One upside of this is that some players who were looking tired, esp Kane will have had something approaching a mid-season break to re-charge their batteries

Just need to hope that none of our covid group have lingering effects

I think Kane looks under fit, not over fit. I hope Conte's using this break to send him on a mid-season pre-season boot camp.
 
I think we just need to abandon this league campaign with immediate effect (and relegate Saudi Sportswashing Machine and have Man U missing out on CL)

If it is mild, i think we just need to abandon the isolation and testing rules. If it's not. We'll it will all be over soon. We'll see where we are in feb.
 
Nigerian descent? Sorry I've missed this. What are you referring to?
A high proportion of the high profile cases seem to be of Nigerian (or at least west/central African) descent. Just it terms of whether there's something genetic going on that increases chance. There was quite a bit of talk on here about it after Ugo iirc
 
@braineclipse, brief explanation below. Asperating ensures the vaccine goes into the muscle and not a blood vessel. So could avoid this.

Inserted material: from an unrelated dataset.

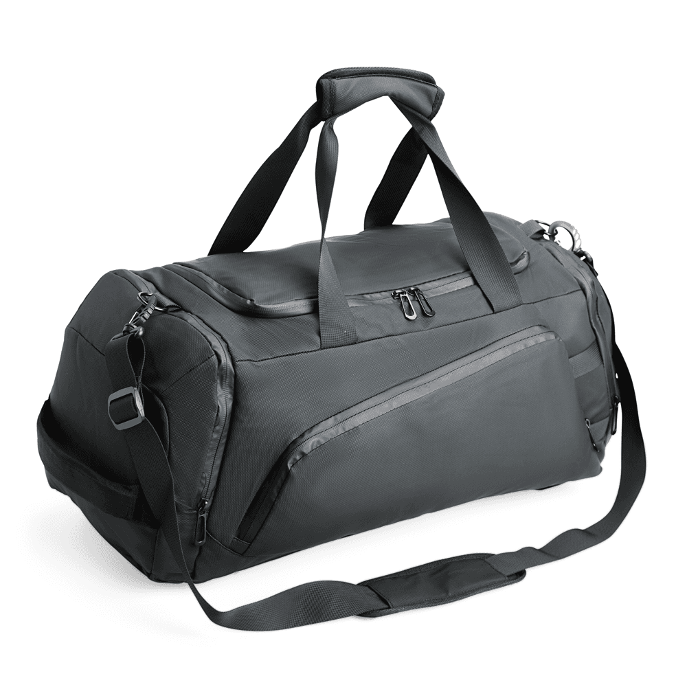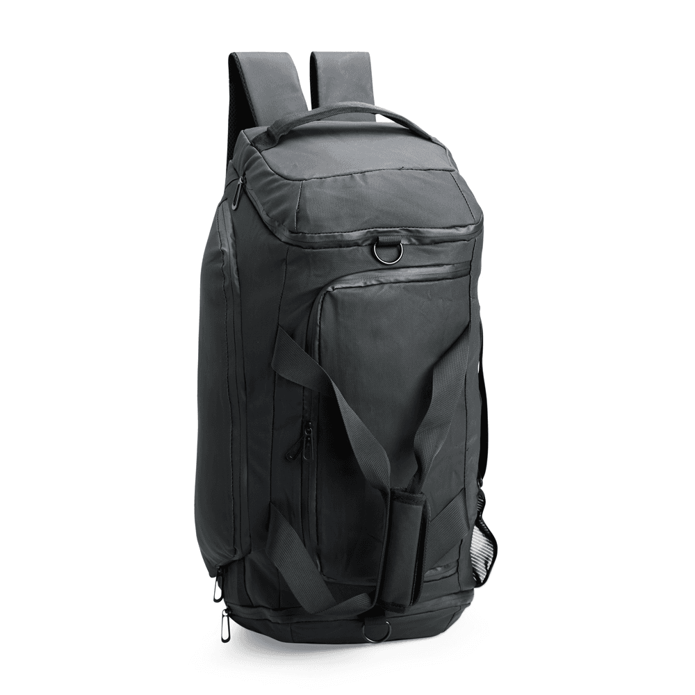 Bolsa confeccionada em filme sintético tipo couro impermeável com capacidade de até 35 litros. Possui compartimento interno amplo dois bolsos em tela e fechamento em zíper, além de quatro bolsos externos de tamanhos variados e fechamento em zíper e um em tela com elástico. Apresenta alças de mão com suporte de juntura e um par de alças ocultas na parte inferior da bolsa, que permitem seu uso como mochila. Contém alça transversal removível.

https://news.sky.com/story/covid-19...blood-clots-may-have-been-discovered-12484255

I find no mention of asperating in that sky article or with a quick glance at what I think is the original study being discussed.

You claimed we now know asperating can avoid negative consequences. This seems to go against the consensus opinion on how to administer the vaccine. I must ask again for a source for your original statement.

I'm in no way a expert on this, but always intrigued when claims are being made that go against what I see as the scientific consensus. Mostly curious.
 
I find no mention of asperating in that sky article or with a quick glance at what I think is the original study being discussed.

You claimed we now know asperating can avoid negative consequences. This seems to go against the consensus opinion on how to administer the vaccine. I must ask again for a source for your original statement.

I'm in no way a expert on this, but always intrigued when claims are being made that go against what I see as the scientific consensus. Mostly curious.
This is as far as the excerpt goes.